Dunleavy and Dede (2014) did comment on a limitation of AR; “students are often overwhelmed with the complexity of the activities” (p. 739). In contrast, this was a strength of the Fitbit article from Lee et. al. (2015);fitibit “a wearable activity tracker will passively gather information about the wearer’s movement…without requiring that individual’s attention. This means a child can gather activity data without disrupting their regular routine, and then subsequently examine and reflect upon these data” (Lee, 2015, p. 210). I was drawn to the Fitbit article because I myself wear a Fitbit daily and have now for quite a while.

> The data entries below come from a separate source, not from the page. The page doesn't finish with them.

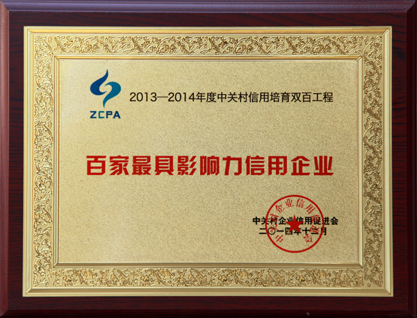 2014-12 | 百家最具影响力信用企业 | 中关村企业信用促进会 |
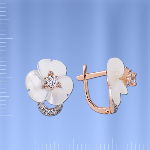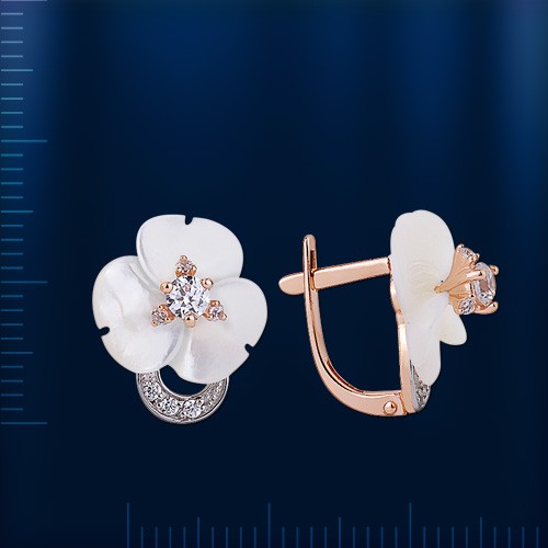 Bezaubernde zarte „Trefoil“-Ohrringe aus 585 Karat russischem Rot- und Weißgold. Diese Dekoration erfüllt höchste Ansprüche, tadellose Handwerkskunst, irisierender Perlmutt-Schimmer, Zirkonia-Spiel, modische Form!
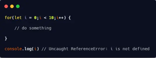 在日常开发中多存在于使用if/for关键字结合let/const创建的块级作用域,值得注意的是使用let/const关键字声明变量的for循环和var声明的有些不同
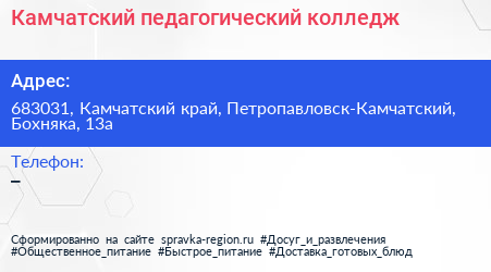 Камчатский педагогический колледж по адресу 683031, Камчатский край, Петропавловск-Камчатский, Бохняка, 13а в дальнейшем Организация, размещена в следующих категориях:
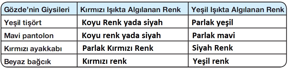 Gözde, yeşil tişört, mavi pantolon ve beyaz bağcıklı kırmızı ayakkabı giyerek bir partiye katılıyor. Partinin yapıldığı salonun oturma alanı yeşil, dans pisti ise kırmızı ışıkla aydınlatılıyor. Gözde’nin üzerindeki giysilerin dans pistinde ve oturma alanında algılanan renklerini defterimizde oluşturduğumuz aşağıdaki gibi bir çizelgeye yazalım.
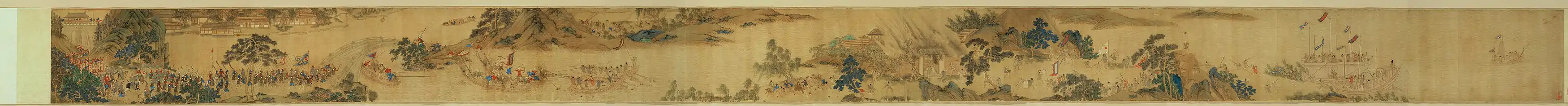 Ming naval activity was noticeably subdued. Its founder, the Hongwu Emperor, emphasized that "not even a plank is to be allowed into the sea."[36] He did however establish the Longjiang Shipyards of Nanjing that would grow into the birthplace of the Treasure Fleet. The Ming Navy was also equipped with firearms, making them one of the earliest gunpowder armed navies at the time. It was therefore described by Lo and Elleman as the world's "foremost" navy of that era.[38]
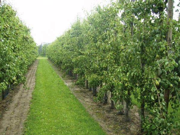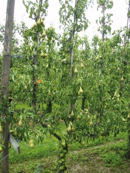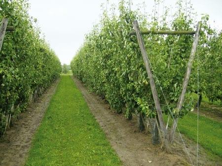Korony sznurowe (fot. 4) stosowane w bardzo intensywnych nasadzeniach (nawet co 40 cm w rzędzie) nie mają wieloletnich gałęzi bocznych, a jedynie długopędy zakończone pąkiem kwiatowym.
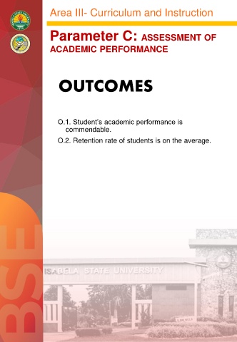Area III- Curriculum and Instruction Parameter C: ASSESSMENT OF ACADEMIC PERFORMANCE OUTCOMES O.1. Student’s academic performance is commendable. O.2. Retention rate of students is on the average.
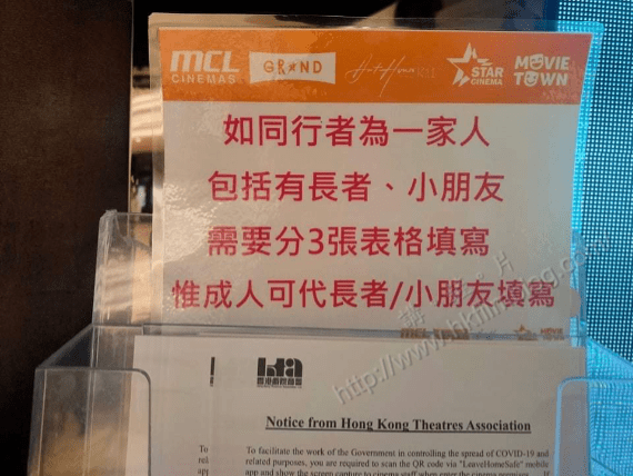 香港目前的戲院營運受到政府相關防疫規定所規範,觀眾在入場時需要使用「安心出行」手機應用程式掃描二維碼,或填寫個人資料。然而,當一家人入場時又需要怎樣,當中有戲院便特別提供了指示。
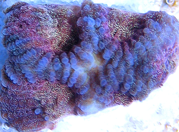 Reeffarmers is maintaining a seed section of this coral in a 8 foot Raceway Gyre BiZonal system. This system is naturally filtered with a semi-cryptic zone and a reef flat exposed zone. In this captive reef the coral is positioned to receive weak to moderate light levels from a 250 watt 20,000 K Radium metal halide. The first edition fragment of this coral was sold on our Buy It Now page. List price was $80 for a small fragment with 3 corallite eyes.
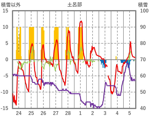 | 日 | 時 | 気温 | 降水 | 風向/風速 | 日照 | 積雪 | 降雪 |
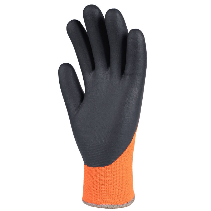 Black Foam nitrile coated on fluorescene orange seamless knitted double layer shell: Inner shell 7 gauge knitted thermal and out shell 13 gauge knitted. 3/4 coated back.

Also, I think there is a ton of potential for me to incorporate some sort of instructional activity within the College of Nursing, for student and/or faculty and staff. Lee et. al.’s (2015) Fitbit article used Fitbits in opportunistic ways in an elementary school setting. In other words, they utilized aspects of the day that were already being used for another activity.

For example, the school was already implementing what they calling “Morning Meetings”. The researches and teachers were able to incorporate “Fitbit starters” or “short data exploration episodes” (2015, p. 211) into these already existing Morning Meetings. What I found fascinating about this article was how 5th graders were using Fitbits to argue and prove how football wasn’t a more strenuous (more steps) activity than soccer. They used data from their trackers to prove that the sports actually required about the same exact steps.

I find these two areas fascinating: AR and the quantified self movement. After reading these three articles, I began wondering what an activity or game would look like that incorporated both? A Fitbit could be used or really any self-tracking device, and build that data into a mobile-AR game—it could make for some super engaging learning. The AR piece could be triggered by anyone wearing a Fitbit, and the Fitbit would send a bluetooth notification to the user’s smartphone, activating a web-based AR game or scavenger hunt, or a to-do list for the Fitbit (e.g. This area’s specific high step score is “xxx”. Would you like to try to beat this step score?). This, of course, is all a thought that was triggered from reading this week. Is it possible? Most likely. Would there be any educational benefits? Not sure. Further research is definitely required.

References

Dunleavy, M., & Dede, C. (2014). Augmented reality teaching and learning. In Handbook of research on educational communications and technology (pp. 735-745). Springer New York.

Lee, V. R., Drake, J., & Cain, R. (2015). Opportunistic uses of the traditional school day through student examination of Fitbit activity tracker data. Proceedings of IDC 2015.

Martin, J., Dikkers, S., Squire, K., & Gagnon, D. (2014). Participatory scaling through augmented reality learning through local games. TechTrends, 58(1), 35-41.